= Slew (spacecraft) =

Spacecraft orientation

The slew of a spacecraft is its orientation in reference to a plane or fixed position such as Earth, the Sun, another celestial body or other point in space. When moving to assume such an orientation, the spacecraft is slewing.

During spaceflight, a craft's attitude must be controlled for reasons depending on the craft's mission. Keeping a spacecraft slewed properly is vital for ensuring that its antenna remains oriented toward Earth for sending and receiving data and commands. Additionally with many craft, keeping their solar arrays angled toward the Sun optimizes their power absorption and reduces the craft's reliance on internal power systems. Thermal heating and cooling of a craft and its subsystems can also be controlled by the craft's orientation.

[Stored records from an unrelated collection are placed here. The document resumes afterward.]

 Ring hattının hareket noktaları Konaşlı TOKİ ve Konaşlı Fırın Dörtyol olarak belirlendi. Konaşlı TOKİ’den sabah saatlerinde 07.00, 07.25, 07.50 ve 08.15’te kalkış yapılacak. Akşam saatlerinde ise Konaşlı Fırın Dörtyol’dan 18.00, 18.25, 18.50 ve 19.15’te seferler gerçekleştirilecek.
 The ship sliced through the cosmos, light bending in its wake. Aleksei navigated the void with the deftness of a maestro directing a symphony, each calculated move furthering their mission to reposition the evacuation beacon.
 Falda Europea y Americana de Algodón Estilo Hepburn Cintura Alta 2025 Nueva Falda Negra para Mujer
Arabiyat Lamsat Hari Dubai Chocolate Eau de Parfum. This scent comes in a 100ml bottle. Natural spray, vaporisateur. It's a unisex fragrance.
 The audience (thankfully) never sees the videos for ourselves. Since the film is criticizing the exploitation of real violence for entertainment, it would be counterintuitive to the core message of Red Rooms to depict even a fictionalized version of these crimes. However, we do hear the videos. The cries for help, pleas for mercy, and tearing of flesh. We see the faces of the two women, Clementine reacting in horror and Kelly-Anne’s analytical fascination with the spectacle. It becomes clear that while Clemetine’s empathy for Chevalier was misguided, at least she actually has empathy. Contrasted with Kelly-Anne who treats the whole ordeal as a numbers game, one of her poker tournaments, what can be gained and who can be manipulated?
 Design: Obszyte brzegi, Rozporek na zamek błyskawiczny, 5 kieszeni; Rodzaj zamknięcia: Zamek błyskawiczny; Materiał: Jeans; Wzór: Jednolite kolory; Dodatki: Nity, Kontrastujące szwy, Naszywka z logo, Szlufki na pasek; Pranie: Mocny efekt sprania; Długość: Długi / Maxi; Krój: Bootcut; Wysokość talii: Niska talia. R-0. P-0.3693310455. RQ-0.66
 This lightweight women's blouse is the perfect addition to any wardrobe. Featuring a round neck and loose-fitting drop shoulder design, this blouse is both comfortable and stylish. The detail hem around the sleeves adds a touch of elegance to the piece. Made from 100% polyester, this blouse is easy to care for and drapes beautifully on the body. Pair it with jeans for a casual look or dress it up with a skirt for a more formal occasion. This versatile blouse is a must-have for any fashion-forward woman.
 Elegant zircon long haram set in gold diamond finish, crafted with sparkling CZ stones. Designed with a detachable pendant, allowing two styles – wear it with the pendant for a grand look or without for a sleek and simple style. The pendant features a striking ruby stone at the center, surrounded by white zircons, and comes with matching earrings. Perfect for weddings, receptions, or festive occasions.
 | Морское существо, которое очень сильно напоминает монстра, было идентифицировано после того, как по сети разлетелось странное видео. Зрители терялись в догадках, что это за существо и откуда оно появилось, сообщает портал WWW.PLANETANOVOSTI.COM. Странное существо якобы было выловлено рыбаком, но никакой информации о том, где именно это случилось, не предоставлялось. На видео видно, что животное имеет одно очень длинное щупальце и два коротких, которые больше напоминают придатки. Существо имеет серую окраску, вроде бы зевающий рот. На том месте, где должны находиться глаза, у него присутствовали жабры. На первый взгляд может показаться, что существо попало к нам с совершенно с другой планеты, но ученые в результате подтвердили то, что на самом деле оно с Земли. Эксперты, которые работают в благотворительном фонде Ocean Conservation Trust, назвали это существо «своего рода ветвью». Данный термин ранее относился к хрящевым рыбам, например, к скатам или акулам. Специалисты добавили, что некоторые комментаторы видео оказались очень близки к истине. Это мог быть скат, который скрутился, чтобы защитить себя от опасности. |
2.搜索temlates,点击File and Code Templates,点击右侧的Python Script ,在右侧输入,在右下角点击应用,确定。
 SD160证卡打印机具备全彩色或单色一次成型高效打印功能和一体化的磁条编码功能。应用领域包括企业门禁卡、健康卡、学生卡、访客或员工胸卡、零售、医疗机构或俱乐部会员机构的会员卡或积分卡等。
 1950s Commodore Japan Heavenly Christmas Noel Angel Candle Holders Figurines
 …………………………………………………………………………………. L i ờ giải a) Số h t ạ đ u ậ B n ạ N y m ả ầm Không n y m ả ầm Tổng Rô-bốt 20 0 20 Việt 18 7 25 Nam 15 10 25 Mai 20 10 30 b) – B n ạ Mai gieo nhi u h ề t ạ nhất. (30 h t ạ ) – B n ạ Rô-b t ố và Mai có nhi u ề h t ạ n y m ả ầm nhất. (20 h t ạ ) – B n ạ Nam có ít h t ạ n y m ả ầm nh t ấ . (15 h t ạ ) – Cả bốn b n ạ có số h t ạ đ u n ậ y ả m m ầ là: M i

Cameras or other sensing equipment that are fixed into position upon the craft need to be aimed by slewing the craft. A spacecraft can either be spin stabilized or 3-axis stabilized to maintain proper orientation.

For spin-stabilized spacecraft, slewing is accomplished by applying a (significant) torque to the spacecraft, in general by operating a thruster in synchronous or asynchronous direction to its spin to adjust its spin rate. This results in a precession and slews for this kind of spacecraft are therefore also called "precession manoeuvre."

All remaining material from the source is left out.